Mała Rostówka to naprawdę mała wieś Winniczyzny, niedaleko Oratowa. Od Kijowa jest w 200 km, z kijowskiego dworca autobusowego Piwdenna (Południowa) do pobliskiej wsi Czagów lub do Oratowa marszrutką (lokalna nazwa autobusów miejskich i podmiejskich) można dojechać w 3-3,5 godziny, z Winnicy w półtorej godziny.
Do wsi nie ma bezpośredniego połączenia. Do Czagowa dość często kursują marszrutki. Z Illiniec raz dziennie, z Winnicy do Oratowa częściej.
To tutaj schował się neogotycki pałac Zabotina, zbudowany z czerwonej cegły w 1901 roku– jeden z najlepiej zachowanych pałaców Winniczyzny, zabytek architektury o znaczeniu lokalnym.

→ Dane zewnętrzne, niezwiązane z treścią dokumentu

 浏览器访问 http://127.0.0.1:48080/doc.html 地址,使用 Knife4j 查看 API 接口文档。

Oprócz bardzo skąpych informacji w Internecie na temat pałacu, źródłem informacji dla tego artykułu są wspomnienia lokalnych mieszkańców, z którymi osobiście się komunikowałam, oraz dane z wycieczki krysznaitów, w której uczestniczyłam.

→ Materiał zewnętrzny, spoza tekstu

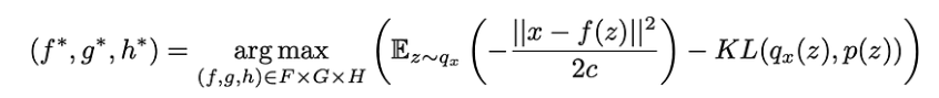 到目前为止,我们已经设置了一个概率模型,该模型依赖于三个函数f,g和h,并使用变分推断来表达要解决的优化问题,以便得到f∗,g∗和h∗,这些模型给出了最佳的编解码方案。因为我们不容易在整个函数空间上进行优化,所以我们限制了优化域并决定将f,g和h表示为神经网络。因此,F,G和H分别对应于由网络架构定义的函数族,并且对这些网络的参数进行优化。

Wikipedia podaje, że zleceniodawcą budowy i właścicielem pałacu był rosyjski generał Zabotin. Ponieważ prawie nie ma informacji o generale Zabotinie ani o tym, jak znalazł się na Winniczyźnie, istnieją wersje o innych zleceniodawcach (jednym z dwóch generałów Zabotkinych). Jeden z nich zmarł jednak w 1894 roku, przed budową pałacu, drugi został generałem dopiero w 1917 r. Prawdopodobnie właścicielem pałacu mógł być generał Iwan Zabotin urodzony w 1853 roku, który przeszedł na emeryturę w 1906 roku, lub pochodzący z Mikołajowa Oleksandr Zabotkin, który w momencie budowy pałacu posiadał stopień kapitana sztabowego. Ale to tylko przypuszczenia.
O pałacu krąży mnóstwo legend i plotek. Na przykład, że cegły do budowy budynku sprowadzono z Polski.
Miejscowi mówią, że w latach 90. XX wieku nieznany dla szerszej opinii publicznej ukraiński biznesmen kupił pałac i rozpoczął w nim remont, przyznaczył ochronę, ale później prace ustały, odwołano ochronę, a sam biznesmen zniknął. W ostatnich latach władzy sowieckiej i być może na początku niepodległości Ukrainy na fasadzie pałacu widniał napis wykonany z girlandy elektrycznej „Centrum Rehabilitacji”, jednak nie wiadomo do końca, jaki to ośrodek i czy w ogóle działał. Istnieją wersje, że w pałacu spotykały się łoże masońskie, gdyż w środku znajdował się „tron mistrza”, a także stół z krzesłami z wysokimi oparciami.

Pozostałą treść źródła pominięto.